PLN Foundation has one mission: to find an affordable treatment for the genetic heart muscle disease PLN. Since the inception of our foundation, we have been committed to this mission. We are well on our way and have had fantastic breakthroughs, but we also have plenty of steps to take. Therefore, it is time for an article on how a drug is developed.
It takes a lot of time, energy and money to develop a drug for a disease. This is because frequent research needs to be done. With this research, you learn to better understand a disease: what exactly is happening in the body that makes someone sick? Only when you better understand a disease can you work toward a solution.
In the foundation’s earlier years, we funded plenty of scientific research. We are still doing that today and, of course, we are not stopping. In 2021, this led to the creation of PLaN Therapeutics: with this company, we bring a treatment from the laboratory to the patient, in this case a carrier of the PLN mutation. The creation of PLaN Therapeutics allows us as a foundation to continue to focus on what we do best: bringing peers, scientists together and funding and driving research.

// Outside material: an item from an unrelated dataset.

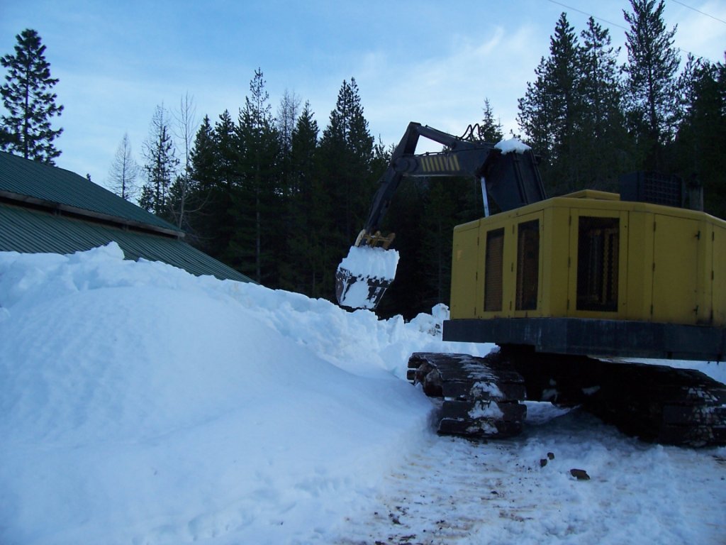 We've been living in a "chinook" all winter. That is changing starting tomorrow. The real Montana winter is arriving with a vengeance. This happened several years ago, we got a whole winters worth of snow in one week. When it was done we had five feet of snow on the flat. I had to break out the excavator to dig out the barns.

But … what about all that scientific research we do? That’s material for another article. For now, we want to focus on the pathway once a drug is developed. It basically consists of 5 phases:
- Research phase (3-6 years)
- Preclinical studies (1-2 years)
- Clinical studies (4-7 years)
- Approval phase (1-2 years)
- Evaluation after approval
Thus, if you take the longest period of time of anything, developing a drug can take a total of 17 years. One drug that was not ready for use for 15 years is the drug Statins (such as Liptor). Statins are used as cholesterol-lowering drugs. Its development began in 1970 and was not approved and marketed until 1990. You are then even 20 years in total.

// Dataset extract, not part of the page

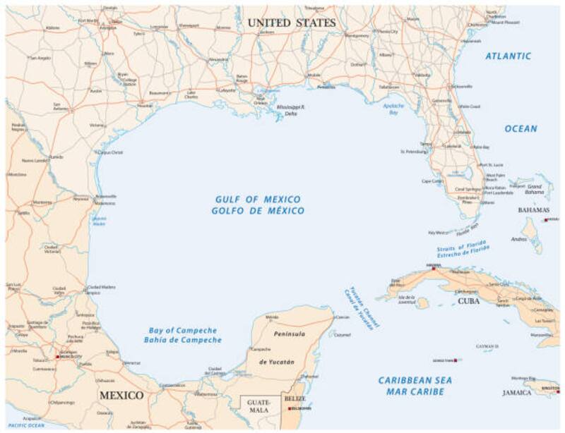 El Golfo de México es una cuenca semicerrada que conecta a América del Norte y Central. En Estados Unidos, bordea cinco estados: Texas, Luisiana, Misisipi, Alabama y Florida. En México, colinda con Tamaulipas, Veracruz, Tabasco, Campeche y Yucatán. Cuba también comparte una pequeña porción de costa en el límite sureste del golfo.

Fortunately, there are drugs that have been brought to market much more quickly, such as the COVID-19 vaccines. These were developed in a much shorter time, but they also ended up taking 1-2 years to go from concept, to approval, to distribution. The reason a drug (vaccine) could be developed so quickly had everything to do with advanced technologies, international cooperation and urgent funding because of the pandemic.
So bringing a drug to market can be very fast, but for that, great urgency and also a certain amount of pressure is desired. When the whole world benefits from something (as with the COVID-19 vaccines), things can move much faster because of cooperation, funding and technology.
Of course, it makes sense that PLN carriers would rather see treatment yesterday than today. Yet it is also important that each step within drug development be taken carefully. There are plenty of examples where a drug was not translatable to treatment in humans. After all, you don’t want a drug to not work or have very unpleasant side effects.
Therefore, all the steps as mentioned above are incredibly important. Let’s see what happens at each stage.
Research phase (3-6 years)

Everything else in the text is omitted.